Azure Monitor provides visibility into the health and performance of Azure SQL Database instances, allowing users to collect metrics and logs from databases and monitor them with Azure's monitoring and reporting tools. The platform uses dedicated data stores to collect metrics and logs from Azure resources, retaining metrics for 93 days by default. To take advantage of all of Azure Monitor's features, database instances must be configured to write metrics and logs to a Log Analytics workspace. Users can enable diagnostics and auditing on databases to start collecting database metrics and logs, and set up auditing policies at either the server or database level. Once enabled, users can leverage all of Azure Monitor's monitoring and reporting capabilities to view and analyze database metrics and logs, including using the Azure SQL Analytics monitoring solution, creating custom alerts, and reviewing audit logs in Log Analytics.
Jan 10, 2022 1,363 words in the original blog post.
Datadog, a company that values individual perspectives and contributions, has launched its new Datadog Spotlight Series to feature employees from teams around the globe. In this series, Geoffrey Kwan, a Solutions Engineer based in New York, shares his career journey at Datadog. Starting as a University Recruiter, Geoffrey transitioned into a Solutions Engineering role after learning about it from colleagues. As a Solutions Engineer, he helps customers navigate the product and solve monitoring challenges specific to their business. Geoffrey has grown and developed significantly in his career at Datadog, including becoming a Community Guild co-leader for the Asian and Pacific Islander Community. Datadog is currently hiring for various roles worldwide.
Jan 05, 2022 715 words in the original blog post.

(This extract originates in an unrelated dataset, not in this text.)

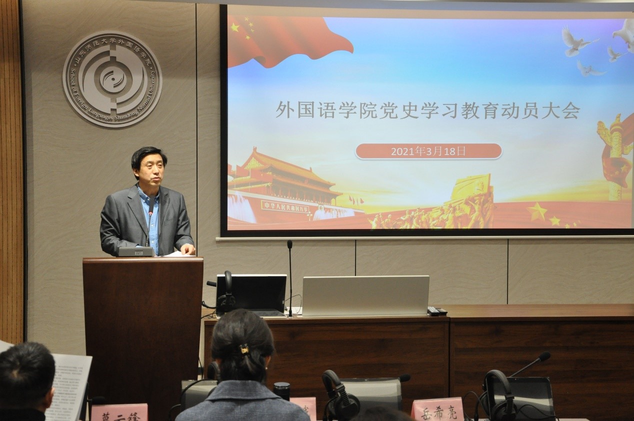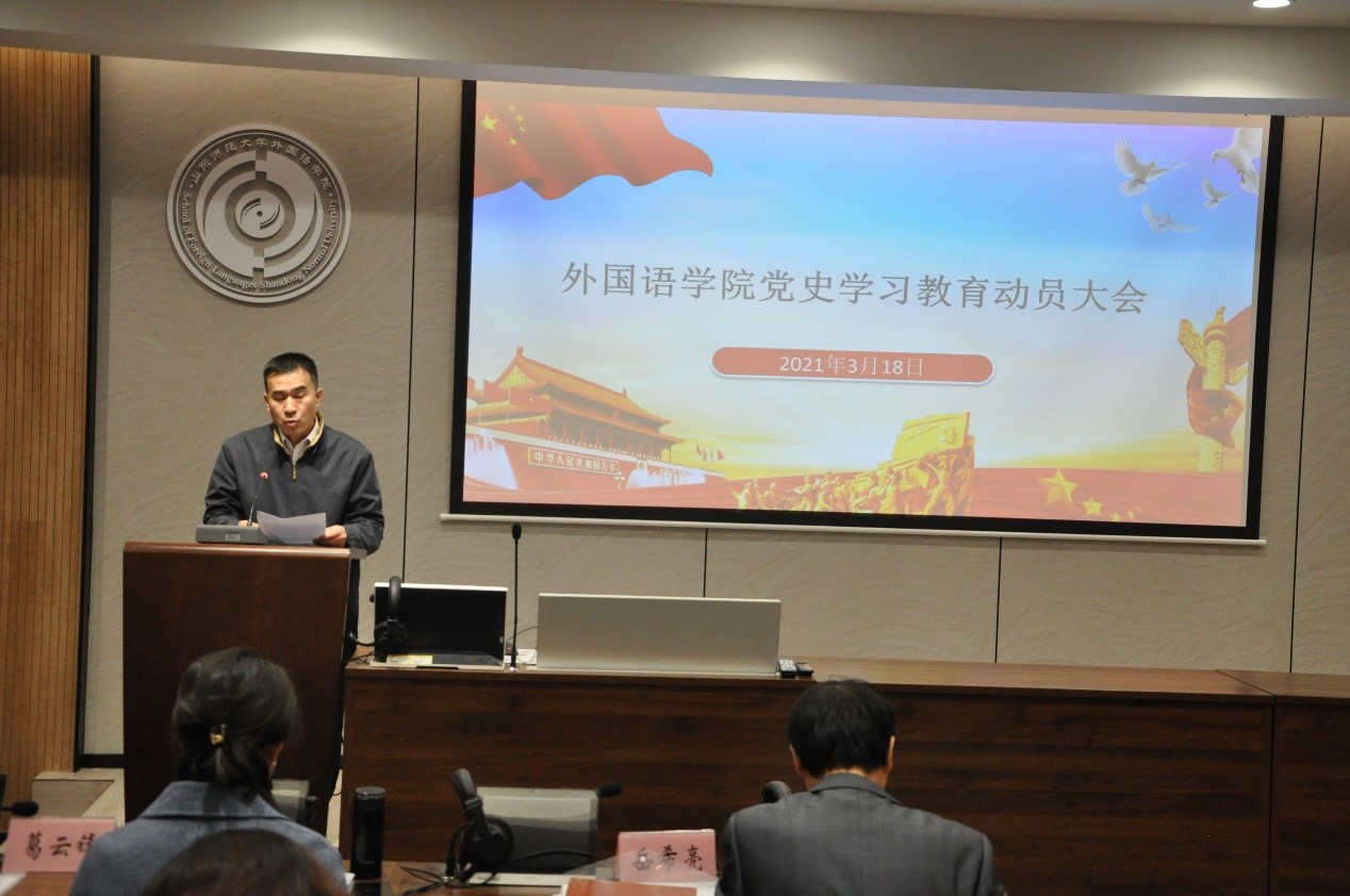 3月18日下午,外国语leyu(中国)党委在长清湖校区文渊楼B区242召开党史学习教育动员大会,深入学习贯彻习近平总书记在党史学习教育动员大会上的重要讲话精神,贯彻落实中央、省委、省委教育工委和学校党委对党史学习教育的任务要求,对leyu(中国)开展党史学习教育进行动员部署。学校党史学习教育督导组王会斌同志、赵丽娟同志出席本次会议,leyu(中国)领导班子成员、全体师生党员参加会议,党委委员、副院长陶业涛主持会议。

At Datadog, a company that values diversity and individual contributions, the team is growing rapidly and celebrating its success with a new Spotlight Series. The series features stories from employees around the globe, including Geoffrey Kwan, a Solutions Engineer based in New York City. Kwan shares his journey to Datadog, starting as a University Recruiter and transitioning into a Solutions Engineering role, where he helps customers navigate the platform and solves monitoring challenges specific to their business. As a Solutions Engineer, Kwan emphasizes the importance of continuous learning and growth alongside the product, and highlights the support he received from colleagues and leadership throughout his career development. He also shares his experience as a Community Guild co-leader at Datadog, where he advocates for diversity, equity, and inclusion in the workplace and provides resources to the Asian and Pacific Islander community. The company invites others to join its teams around the world by learning more about open roles on its Careers page.
Jan 05, 2022 725 words in the original blog post.